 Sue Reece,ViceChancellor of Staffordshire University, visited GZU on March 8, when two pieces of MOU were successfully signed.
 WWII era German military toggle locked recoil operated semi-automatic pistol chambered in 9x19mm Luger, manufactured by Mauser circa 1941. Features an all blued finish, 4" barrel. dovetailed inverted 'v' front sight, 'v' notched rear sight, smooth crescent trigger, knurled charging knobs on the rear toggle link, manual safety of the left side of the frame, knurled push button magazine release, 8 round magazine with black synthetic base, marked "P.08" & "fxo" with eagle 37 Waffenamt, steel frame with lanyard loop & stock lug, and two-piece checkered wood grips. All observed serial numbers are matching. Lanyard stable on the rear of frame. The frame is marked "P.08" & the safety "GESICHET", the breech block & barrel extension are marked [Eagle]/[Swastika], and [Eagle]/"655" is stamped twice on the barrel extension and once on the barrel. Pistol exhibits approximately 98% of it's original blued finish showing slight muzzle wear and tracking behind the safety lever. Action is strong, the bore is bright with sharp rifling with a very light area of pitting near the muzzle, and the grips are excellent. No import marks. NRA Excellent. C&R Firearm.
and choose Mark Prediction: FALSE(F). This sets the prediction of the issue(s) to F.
* * * * * * *
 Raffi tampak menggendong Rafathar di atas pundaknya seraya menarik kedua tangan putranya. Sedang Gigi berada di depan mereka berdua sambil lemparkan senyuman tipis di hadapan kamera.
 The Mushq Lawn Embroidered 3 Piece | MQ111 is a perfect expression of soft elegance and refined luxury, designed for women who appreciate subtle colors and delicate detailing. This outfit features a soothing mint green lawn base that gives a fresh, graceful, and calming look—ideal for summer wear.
* * * * * * *
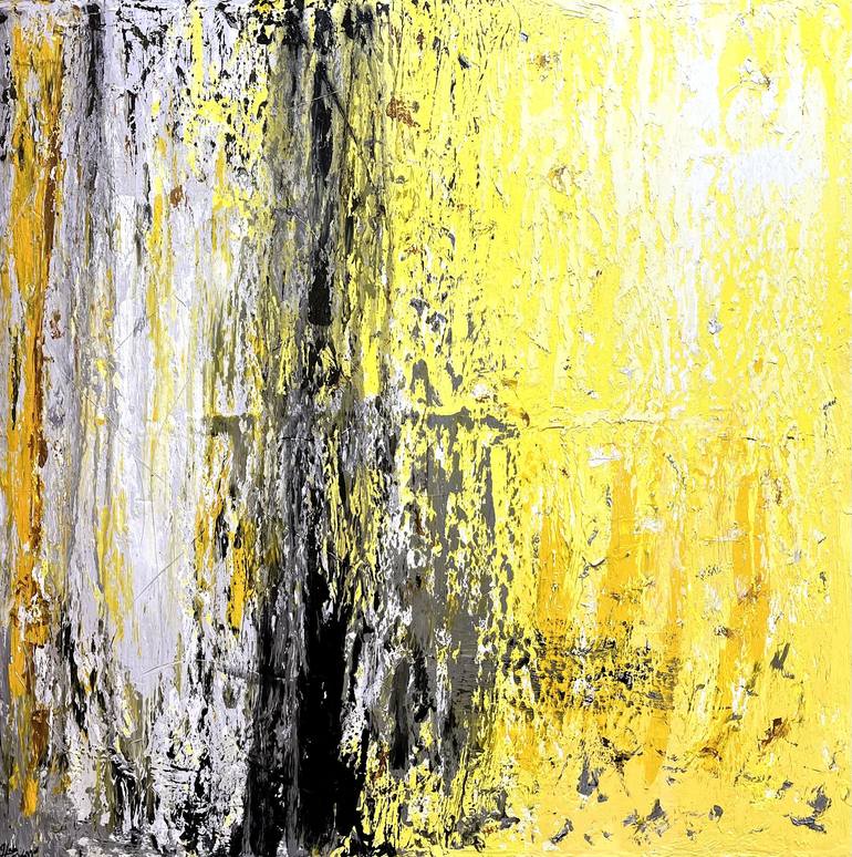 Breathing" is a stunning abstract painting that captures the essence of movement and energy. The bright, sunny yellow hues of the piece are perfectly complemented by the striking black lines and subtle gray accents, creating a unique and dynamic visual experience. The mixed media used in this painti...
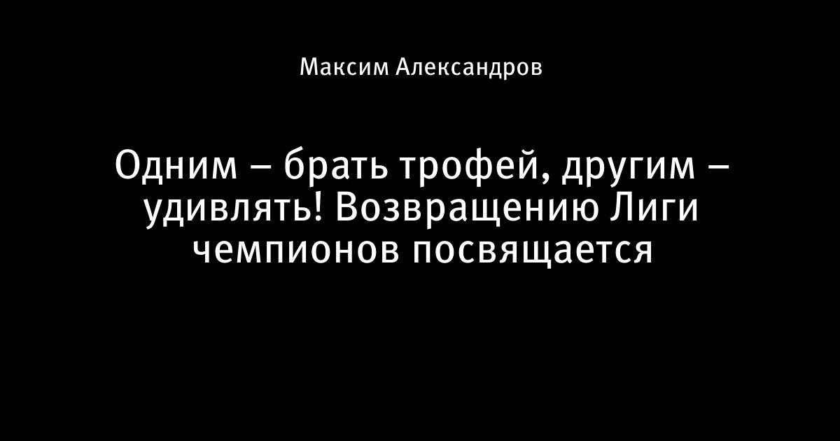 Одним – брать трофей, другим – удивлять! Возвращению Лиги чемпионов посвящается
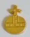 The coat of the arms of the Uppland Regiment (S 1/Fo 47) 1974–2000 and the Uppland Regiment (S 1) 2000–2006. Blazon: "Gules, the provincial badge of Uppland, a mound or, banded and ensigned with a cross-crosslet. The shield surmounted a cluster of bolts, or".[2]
* * * * * * *
WORK TO COMPLETE: Go through the listing above and write out exactly the lines starting with the one holding "Sue Reece,ViceChancellor of" and running through the one holding "and choose Mark", ends included, and no others.

TASK RESULT:
 Sue Reece,ViceChancellor of Staffordshire University, visited GZU on March 8, when two pieces of MOU were successfully signed.
 WWII era German military toggle locked recoil operated semi-automatic pistol chambered in 9x19mm Luger, manufactured by Mauser circa 1941. Features an all blued finish, 4" barrel. dovetailed inverted 'v' front sight, 'v' notched rear sight, smooth crescent trigger, knurled charging knobs on the rear toggle link, manual safety of the left side of the frame, knurled push button magazine release, 8 round magazine with black synthetic base, marked "P.08" & "fxo" with eagle 37 Waffenamt, steel frame with lanyard loop & stock lug, and two-piece checkered wood grips. All observed serial numbers are matching. Lanyard stable on the rear of frame. The frame is marked "P.08" & the safety "GESICHET", the breech block & barrel extension are marked [Eagle]/[Swastika], and [Eagle]/"655" is stamped twice on the barrel extension and once on the barrel. Pistol exhibits approximately 98% of it's original blued finish showing slight muzzle wear and tracking behind the safety lever. Action is strong, the bore is bright with sharp rifling with a very light area of pitting near the muzzle, and the grips are excellent. No import marks. NRA Excellent. C&R Firearm.
and choose Mark Prediction: FALSE(F). This sets the prediction of the issue(s) to F.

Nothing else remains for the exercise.